Who knows what admirable virtues of fishes may be below low-water-mark, bearing up against a hard destiny, not admired by that fellow creature who alone can appreciate it! Who hears the fishes when they cry? It will not be forgotten by some memory that we were contemporaries.
Henry David Thoreau

These woodcut prints are part of a series of portraits intended to celebrate the beauty and diversity of marine life in the face of increasing threats posed by overfishing, global climate change, pollution, and habitat destruction. Many marine ecosystems are in great danger, with most major fisheries severely overexploited and some species facing extinction. We have a frontier mentality toward the ocean, and decades of abuse are taking their toll.

Most of us have a very limited connection with the sea, and it's hard to inspire sympathy or concern for creatures normally only seen on dinner plates. In the tradition of portraiture, I seek to give a sense of dignity and identity to the individual, and by extension a collective face to the previously anonymous species we so easily dismiss as seafood or sport. I hope that the prints will spark an interest in the fish and a desire to learn more.

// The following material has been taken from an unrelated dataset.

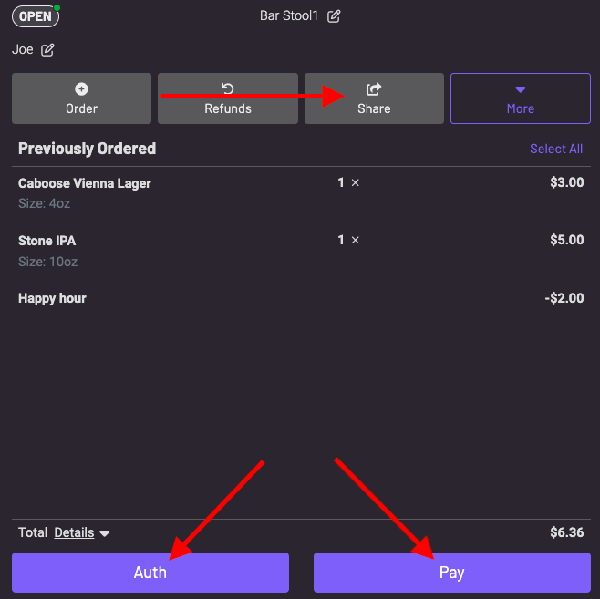 When the tab is open, you can ask the guest to pay with a physical credit card, authorize their card, or text them their bill to pay on their phone.
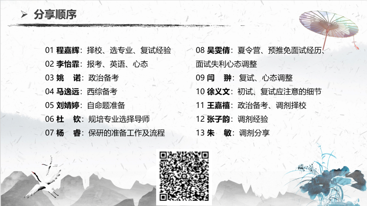 刘婧婷学姐是本次分享会唯一一位考自命题的分享人,特殊的经历让她对考研有着不一样的体会。她介绍了“南学北专”的地域特点,报考自命题院校需要做哪些准备,开拓了同学们的视野,为有同样想法的同学增添勇气。

My creative process is informed by a great deal of reading, both about the individual animals as well as in the broader areas of environmental responsibility, conservation, biodiversity, and natural history. I am intrigued by how science can inform art and how art can contribute to political and scientific dialogues. The medium of the artwork is also very important to me: the printed image has a long history as a means for social or political commentary and as a democratic, accessible medium. In the reduction printing technique, a single woodblock is gradually cut away in-between each color pressing, leaving it destroyed by the end of the process with a closed edition of prints. Working with the wood grain and watching the image emerge and become more defined as each color is printed gives me a sense of getting to know the creature, and a feeling for its fragility and sentience that is truly humbling. With our ability to affect life and death in the sea comes a tremendous responsibility to protect and conserve. Who hears the fishes when they cry? Their loss will diminish us all.